Es geht, denke ich, darum, Sampling nicht als ästhetische und/oder technische Formation und auch nicht als subversives Criss crossing misszuverstehen. Woran Sampling arbeitet könnte, ist weniger ein nomadischer Wahnsinn, eine rekombinante Raserei, als vielmehr, die unfertige Form zu erhalten, einen Bastard zwischen Technologie und Fleisch, Zuschreibungen und Sedimentierungen zurückzuweisen, ständig neue Konnexionen zu erzeugen, Mutationen zu provozieren, Teleologien zu negieren. Insofern erscheint die Frage falsch gestellt: Kultur ist kein Programm, das auf einem Mega-Rechner läuft und lässt sich auch nicht analog designen. Gott ist eben kein genialer Uhrmacher. Wir müssen uns darüber klar werden, dass auch Kultur nicht jenseits ihrer Beschreibungen existiert. Wenn kulturelle Subjekte als "Flesh factor" von Hardware-Environments beschrieben werden, zeigt sich dabei vor allem ein technoider Zugriff auf kulturelle Verhältnisse und weniger die Technoidität/Technologizität von Kultur. Ein solcher Zugriff ist jedoch in dem Maße plausibel, als Technologie keine Umgebung für Kultur darstellt, sondern Teil der kulturellen Aneignung von Umwelt selbst ist. Es gibt eben keine 'Natur', auf die man sich berufen könnte, auch, wenn die Wissenschaft mittlerweile alle subatomaren Bausteine beisammen hat. Informationstypen, Interfaces, Kommunikationssoftware etc. sind selbst kulturelle Artefakte wie Wissen, Gedächtnis und eine Gabel. insofern erscheint es allemal angemessener und interessanter, über Sampling als kulturtechnische Formation nachzudenken, die sich in komplizierter und komplizenhafter Weise in kulturelle wie technische Verhältnisse einmischt, denn über Sampling als formale, formalisierte Strategie im Rahmen von Kunst oder Musik. Vorschnelle Kulturalisierungen solcher Strategien sind jedoch mit Vorsicht zu genießen.
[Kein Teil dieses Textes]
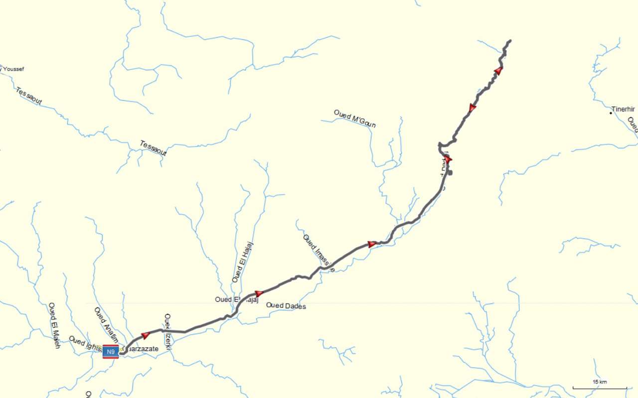 War die Schlucht am Anfang noch eng und mit steilen Felswänden umgeben, wurde sie im weiteren Verlauf immer weiter und ging in eine Hochebene über. Es gab kam Orte und auf den 155 km bis Goulmima begegneten uns gerade mal 10 Autos. Lag die Todra-Schlucht noch auf 1.500m stiegt die Straße über die Hochebene auf 2.000m. Im weiteren Verlauf durchfuhren die Rheris-Schlucht und den Gorges de l’Amsed. Nach 180km herrlichem Umweg waren wir wieder auf der geplanten Route über die N10.

In diesem Sinn kann nur trotz der zahllosen falschen und unbeantworteten Fragen und trotz aller offengelassenen Konsequenzen nur gefordert werden:
Noch mehr Sampling, noch mehr Recycling!




© Reinhard Braun 2000

erschienen in:
Büro für Intermedialen Kommunikationstransfer (Hg.), copy & paste. drag & drop, Innsbruck 2001.